### Task requirements
Every line below from the one containing "Для вышивки картины" through the one containing "3月7日,参加十四届全国人大" must be transcribed exactly. Omit all lines outside that stretch.

### Supplied information
+-------+

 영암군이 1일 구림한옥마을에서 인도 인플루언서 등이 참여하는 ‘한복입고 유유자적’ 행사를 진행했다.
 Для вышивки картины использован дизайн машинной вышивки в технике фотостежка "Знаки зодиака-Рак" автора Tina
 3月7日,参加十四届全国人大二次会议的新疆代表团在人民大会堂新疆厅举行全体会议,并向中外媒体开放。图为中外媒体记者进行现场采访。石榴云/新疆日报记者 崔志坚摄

+-------+

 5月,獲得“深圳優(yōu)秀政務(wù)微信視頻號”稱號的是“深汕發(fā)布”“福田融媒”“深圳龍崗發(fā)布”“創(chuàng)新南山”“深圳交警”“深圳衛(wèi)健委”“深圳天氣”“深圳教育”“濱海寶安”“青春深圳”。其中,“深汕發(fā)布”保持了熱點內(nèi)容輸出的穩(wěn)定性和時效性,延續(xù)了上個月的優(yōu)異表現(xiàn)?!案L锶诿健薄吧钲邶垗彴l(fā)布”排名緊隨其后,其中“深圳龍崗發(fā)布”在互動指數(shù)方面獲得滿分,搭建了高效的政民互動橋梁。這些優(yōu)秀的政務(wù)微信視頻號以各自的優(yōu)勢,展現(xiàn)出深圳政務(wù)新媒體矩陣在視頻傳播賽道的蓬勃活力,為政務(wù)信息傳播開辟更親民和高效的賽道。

+-------+

### Result of this exercise
 Для вышивки картины использован дизайн машинной вышивки в технике фотостежка "Знаки зодиака-Рак" автора Tina
 3月7日,参加十四届全国人大二次会议的新疆代表团在人民大会堂新疆厅举行全体会议,并向中外媒体开放。图为中外媒体记者进行现场采访。石榴云/新疆日报记者 崔志坚摄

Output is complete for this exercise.